Saved entries
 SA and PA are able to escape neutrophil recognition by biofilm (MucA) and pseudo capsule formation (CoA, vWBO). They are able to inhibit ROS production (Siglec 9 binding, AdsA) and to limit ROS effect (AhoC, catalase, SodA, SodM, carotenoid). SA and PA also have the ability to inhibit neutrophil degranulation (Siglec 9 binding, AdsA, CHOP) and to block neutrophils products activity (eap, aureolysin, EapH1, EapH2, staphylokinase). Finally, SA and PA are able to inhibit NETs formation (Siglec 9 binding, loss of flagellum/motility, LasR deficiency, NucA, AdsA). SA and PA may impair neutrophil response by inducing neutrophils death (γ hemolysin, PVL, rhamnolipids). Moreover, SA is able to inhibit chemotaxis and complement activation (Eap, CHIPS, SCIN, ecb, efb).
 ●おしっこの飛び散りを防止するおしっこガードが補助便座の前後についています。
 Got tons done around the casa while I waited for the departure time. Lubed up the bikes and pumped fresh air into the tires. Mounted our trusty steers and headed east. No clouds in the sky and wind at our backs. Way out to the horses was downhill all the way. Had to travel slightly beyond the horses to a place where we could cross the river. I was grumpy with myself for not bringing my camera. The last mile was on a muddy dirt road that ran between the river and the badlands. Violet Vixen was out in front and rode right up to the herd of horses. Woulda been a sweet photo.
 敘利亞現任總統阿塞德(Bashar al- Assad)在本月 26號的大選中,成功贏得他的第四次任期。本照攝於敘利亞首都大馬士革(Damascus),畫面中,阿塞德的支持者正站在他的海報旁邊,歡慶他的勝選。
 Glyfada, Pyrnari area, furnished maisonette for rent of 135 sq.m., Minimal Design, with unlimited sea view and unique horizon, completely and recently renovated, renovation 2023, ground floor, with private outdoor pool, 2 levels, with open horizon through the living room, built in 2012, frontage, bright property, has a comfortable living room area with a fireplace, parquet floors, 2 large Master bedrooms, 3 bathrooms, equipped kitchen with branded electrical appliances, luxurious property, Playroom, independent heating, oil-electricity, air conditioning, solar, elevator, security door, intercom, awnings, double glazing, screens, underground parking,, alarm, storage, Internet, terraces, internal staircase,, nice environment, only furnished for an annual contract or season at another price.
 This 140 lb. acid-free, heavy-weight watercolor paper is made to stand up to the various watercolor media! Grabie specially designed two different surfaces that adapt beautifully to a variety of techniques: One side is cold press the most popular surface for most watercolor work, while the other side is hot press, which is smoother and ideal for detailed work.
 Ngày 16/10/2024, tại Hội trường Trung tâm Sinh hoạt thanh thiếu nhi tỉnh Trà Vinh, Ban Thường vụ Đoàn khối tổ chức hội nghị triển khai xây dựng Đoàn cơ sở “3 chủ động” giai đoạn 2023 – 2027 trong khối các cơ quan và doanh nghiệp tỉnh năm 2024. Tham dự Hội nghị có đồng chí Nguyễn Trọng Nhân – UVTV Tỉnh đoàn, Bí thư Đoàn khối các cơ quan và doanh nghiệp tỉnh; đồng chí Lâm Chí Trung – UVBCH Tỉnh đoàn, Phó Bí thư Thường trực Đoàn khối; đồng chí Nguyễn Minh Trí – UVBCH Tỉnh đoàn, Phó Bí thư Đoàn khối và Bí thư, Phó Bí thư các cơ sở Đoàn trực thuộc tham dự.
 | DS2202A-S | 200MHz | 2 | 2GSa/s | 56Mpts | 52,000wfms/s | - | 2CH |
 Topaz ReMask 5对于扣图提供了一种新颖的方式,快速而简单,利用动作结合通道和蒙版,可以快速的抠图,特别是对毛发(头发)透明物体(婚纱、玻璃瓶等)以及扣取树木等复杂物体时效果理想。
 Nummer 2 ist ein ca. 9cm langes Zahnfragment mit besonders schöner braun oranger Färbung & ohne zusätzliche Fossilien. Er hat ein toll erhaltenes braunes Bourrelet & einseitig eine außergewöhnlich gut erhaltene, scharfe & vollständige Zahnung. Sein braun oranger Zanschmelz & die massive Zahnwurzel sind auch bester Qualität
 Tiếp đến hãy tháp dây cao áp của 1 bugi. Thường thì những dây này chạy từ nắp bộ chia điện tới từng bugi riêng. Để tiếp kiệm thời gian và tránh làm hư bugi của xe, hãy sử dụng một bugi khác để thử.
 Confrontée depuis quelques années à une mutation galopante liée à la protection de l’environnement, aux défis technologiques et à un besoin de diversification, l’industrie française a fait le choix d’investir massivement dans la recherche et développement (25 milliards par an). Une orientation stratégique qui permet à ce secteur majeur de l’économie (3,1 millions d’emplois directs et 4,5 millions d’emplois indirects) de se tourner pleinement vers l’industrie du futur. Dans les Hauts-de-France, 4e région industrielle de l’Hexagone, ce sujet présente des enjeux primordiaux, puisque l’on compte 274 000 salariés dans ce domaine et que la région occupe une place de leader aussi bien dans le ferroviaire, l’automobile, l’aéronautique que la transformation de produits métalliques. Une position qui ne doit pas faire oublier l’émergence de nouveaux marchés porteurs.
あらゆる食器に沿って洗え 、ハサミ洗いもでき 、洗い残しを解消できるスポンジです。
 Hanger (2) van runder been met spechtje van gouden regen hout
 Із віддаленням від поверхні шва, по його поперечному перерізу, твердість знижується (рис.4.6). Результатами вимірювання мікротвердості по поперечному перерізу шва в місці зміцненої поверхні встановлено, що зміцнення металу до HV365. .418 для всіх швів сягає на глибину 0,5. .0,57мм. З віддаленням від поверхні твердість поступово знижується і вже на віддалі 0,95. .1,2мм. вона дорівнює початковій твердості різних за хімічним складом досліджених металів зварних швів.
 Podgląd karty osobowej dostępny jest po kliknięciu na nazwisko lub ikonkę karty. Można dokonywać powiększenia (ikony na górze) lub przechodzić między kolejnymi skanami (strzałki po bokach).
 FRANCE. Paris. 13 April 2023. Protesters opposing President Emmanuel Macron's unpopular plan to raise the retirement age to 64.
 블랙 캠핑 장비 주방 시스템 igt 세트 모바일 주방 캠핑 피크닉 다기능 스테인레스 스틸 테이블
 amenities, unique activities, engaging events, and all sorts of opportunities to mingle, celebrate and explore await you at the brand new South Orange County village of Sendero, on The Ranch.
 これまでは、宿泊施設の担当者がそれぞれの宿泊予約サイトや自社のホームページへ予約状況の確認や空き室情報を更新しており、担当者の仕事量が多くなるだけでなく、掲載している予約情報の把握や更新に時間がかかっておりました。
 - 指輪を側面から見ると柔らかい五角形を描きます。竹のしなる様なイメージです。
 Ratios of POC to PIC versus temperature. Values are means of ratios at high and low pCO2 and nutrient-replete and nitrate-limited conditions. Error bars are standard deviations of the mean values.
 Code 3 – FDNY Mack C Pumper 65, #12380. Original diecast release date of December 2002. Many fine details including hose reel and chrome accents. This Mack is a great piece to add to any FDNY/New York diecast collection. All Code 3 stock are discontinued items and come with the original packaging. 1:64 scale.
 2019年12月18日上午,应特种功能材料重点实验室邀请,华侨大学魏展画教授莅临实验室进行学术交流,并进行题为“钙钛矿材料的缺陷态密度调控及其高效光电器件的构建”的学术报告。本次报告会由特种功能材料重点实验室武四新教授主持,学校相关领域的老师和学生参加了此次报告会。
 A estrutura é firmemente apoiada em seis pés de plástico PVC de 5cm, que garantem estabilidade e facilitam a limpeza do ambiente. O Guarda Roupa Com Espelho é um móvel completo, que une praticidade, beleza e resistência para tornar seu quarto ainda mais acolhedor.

**Exercise brief:**
All records above are to be output again exactly as they stand.

**Written solution:**
 SA and PA are able to escape neutrophil recognition by biofilm (MucA) and pseudo capsule formation (CoA, vWBO). They are able to inhibit ROS production (Siglec 9 binding, AdsA) and to limit ROS effect (AhoC, catalase, SodA, SodM, carotenoid). SA and PA also have the ability to inhibit neutrophil degranulation (Siglec 9 binding, AdsA, CHOP) and to block neutrophils products activity (eap, aureolysin, EapH1, EapH2, staphylokinase). Finally, SA and PA are able to inhibit NETs formation (Siglec 9 binding, loss of flagellum/motility, LasR deficiency, NucA, AdsA). SA and PA may impair neutrophil response by inducing neutrophils death (γ hemolysin, PVL, rhamnolipids). Moreover, SA is able to inhibit chemotaxis and complement activation (Eap, CHIPS, SCIN, ecb, efb).
 ●おしっこの飛び散りを防止するおしっこガードが補助便座の前後についています。
 Got tons done around the casa while I waited for the departure time. Lubed up the bikes and pumped fresh air into the tires. Mounted our trusty steers and headed east. No clouds in the sky and wind at our backs. Way out to the horses was downhill all the way. Had to travel slightly beyond the horses to a place where we could cross the river. I was grumpy with myself for not bringing my camera. The last mile was on a muddy dirt road that ran between the river and the badlands. Violet Vixen was out in front and rode right up to the herd of horses. Woulda been a sweet photo.
 敘利亞現任總統阿塞德(Bashar al- Assad)在本月 26號的大選中,成功贏得他的第四次任期。本照攝於敘利亞首都大馬士革(Damascus),畫面中,阿塞德的支持者正站在他的海報旁邊,歡慶他的勝選。
 Glyfada, Pyrnari area, furnished maisonette for rent of 135 sq.m., Minimal Design, with unlimited sea view and unique horizon, completely and recently renovated, renovation 2023, ground floor, with private outdoor pool, 2 levels, with open horizon through the living room, built in 2012, frontage, bright property, has a comfortable living room area with a fireplace, parquet floors, 2 large Master bedrooms, 3 bathrooms, equipped kitchen with branded electrical appliances, luxurious property, Playroom, independent heating, oil-electricity, air conditioning, solar, elevator, security door, intercom, awnings, double glazing, screens, underground parking,, alarm, storage, Internet, terraces, internal staircase,, nice environment, only furnished for an annual contract or season at another price.
 This 140 lb. acid-free, heavy-weight watercolor paper is made to stand up to the various watercolor media! Grabie specially designed two different surfaces that adapt beautifully to a variety of techniques: One side is cold press the most popular surface for most watercolor work, while the other side is hot press, which is smoother and ideal for detailed work.
 Ngày 16/10/2024, tại Hội trường Trung tâm Sinh hoạt thanh thiếu nhi tỉnh Trà Vinh, Ban Thường vụ Đoàn khối tổ chức hội nghị triển khai xây dựng Đoàn cơ sở “3 chủ động” giai đoạn 2023 – 2027 trong khối các cơ quan và doanh nghiệp tỉnh năm 2024. Tham dự Hội nghị có đồng chí Nguyễn Trọng Nhân – UVTV Tỉnh đoàn, Bí thư Đoàn khối các cơ quan và doanh nghiệp tỉnh; đồng chí Lâm Chí Trung – UVBCH Tỉnh đoàn, Phó Bí thư Thường trực Đoàn khối; đồng chí Nguyễn Minh Trí – UVBCH Tỉnh đoàn, Phó Bí thư Đoàn khối và Bí thư, Phó Bí thư các cơ sở Đoàn trực thuộc tham dự.
 | DS2202A-S | 200MHz | 2 | 2GSa/s | 56Mpts | 52,000wfms/s | - | 2CH |
 Topaz ReMask 5对于扣图提供了一种新颖的方式,快速而简单,利用动作结合通道和蒙版,可以快速的抠图,特别是对毛发(头发)透明物体(婚纱、玻璃瓶等)以及扣取树木等复杂物体时效果理想。
 Nummer 2 ist ein ca. 9cm langes Zahnfragment mit besonders schöner braun oranger Färbung & ohne zusätzliche Fossilien. Er hat ein toll erhaltenes braunes Bourrelet & einseitig eine außergewöhnlich gut erhaltene, scharfe & vollständige Zahnung. Sein braun oranger Zanschmelz & die massive Zahnwurzel sind auch bester Qualität
 Tiếp đến hãy tháp dây cao áp của 1 bugi. Thường thì những dây này chạy từ nắp bộ chia điện tới từng bugi riêng. Để tiếp kiệm thời gian và tránh làm hư bugi của xe, hãy sử dụng một bugi khác để thử.
 Confrontée depuis quelques années à une mutation galopante liée à la protection de l’environnement, aux défis technologiques et à un besoin de diversification, l’industrie française a fait le choix d’investir massivement dans la recherche et développement (25 milliards par an). Une orientation stratégique qui permet à ce secteur majeur de l’économie (3,1 millions d’emplois directs et 4,5 millions d’emplois indirects) de se tourner pleinement vers l’industrie du futur. Dans les Hauts-de-France, 4e région industrielle de l’Hexagone, ce sujet présente des enjeux primordiaux, puisque l’on compte 274 000 salariés dans ce domaine et que la région occupe une place de leader aussi bien dans le ferroviaire, l’automobile, l’aéronautique que la transformation de produits métalliques. Une position qui ne doit pas faire oublier l’émergence de nouveaux marchés porteurs.
あらゆる食器に沿って洗え 、ハサミ洗いもでき 、洗い残しを解消できるスポンジです。
 Hanger (2) van runder been met spechtje van gouden regen hout
 Із віддаленням від поверхні шва, по його поперечному перерізу, твердість знижується (рис.4.6). Результатами вимірювання мікротвердості по поперечному перерізу шва в місці зміцненої поверхні встановлено, що зміцнення металу до HV365. .418 для всіх швів сягає на глибину 0,5. .0,57мм. З віддаленням від поверхні твердість поступово знижується і вже на віддалі 0,95. .1,2мм. вона дорівнює початковій твердості різних за хімічним складом досліджених металів зварних швів.
 Podgląd karty osobowej dostępny jest po kliknięciu na nazwisko lub ikonkę karty. Można dokonywać powiększenia (ikony na górze) lub przechodzić między kolejnymi skanami (strzałki po bokach).
 FRANCE. Paris. 13 April 2023. Protesters opposing President Emmanuel Macron's unpopular plan to raise the retirement age to 64.
 블랙 캠핑 장비 주방 시스템 igt 세트 모바일 주방 캠핑 피크닉 다기능 스테인레스 스틸 테이블
 amenities, unique activities, engaging events, and all sorts of opportunities to mingle, celebrate and explore await you at the brand new South Orange County village of Sendero, on The Ranch.
 これまでは、宿泊施設の担当者がそれぞれの宿泊予約サイトや自社のホームページへ予約状況の確認や空き室情報を更新しており、担当者の仕事量が多くなるだけでなく、掲載している予約情報の把握や更新に時間がかかっておりました。
 - 指輪を側面から見ると柔らかい五角形を描きます。竹のしなる様なイメージです。
 Ratios of POC to PIC versus temperature. Values are means of ratios at high and low pCO2 and nutrient-replete and nitrate-limited conditions. Error bars are standard deviations of the mean values.
 Code 3 – FDNY Mack C Pumper 65, #12380. Original diecast release date of December 2002. Many fine details including hose reel and chrome accents. This Mack is a great piece to add to any FDNY/New York diecast collection. All Code 3 stock are discontinued items and come with the original packaging. 1:64 scale.
 2019年12月18日上午,应特种功能材料重点实验室邀请,华侨大学魏展画教授莅临实验室进行学术交流,并进行题为“钙钛矿材料的缺陷态密度调控及其高效光电器件的构建”的学术报告。本次报告会由特种功能材料重点实验室武四新教授主持,学校相关领域的老师和学生参加了此次报告会。
 A estrutura é firmemente apoiada em seis pés de plástico PVC de 5cm, que garantem estabilidade e facilitam a limpeza do ambiente. O Guarda Roupa Com Espelho é um móvel completo, que une praticidade, beleza e resistência para tornar seu quarto ainda mais acolhedor.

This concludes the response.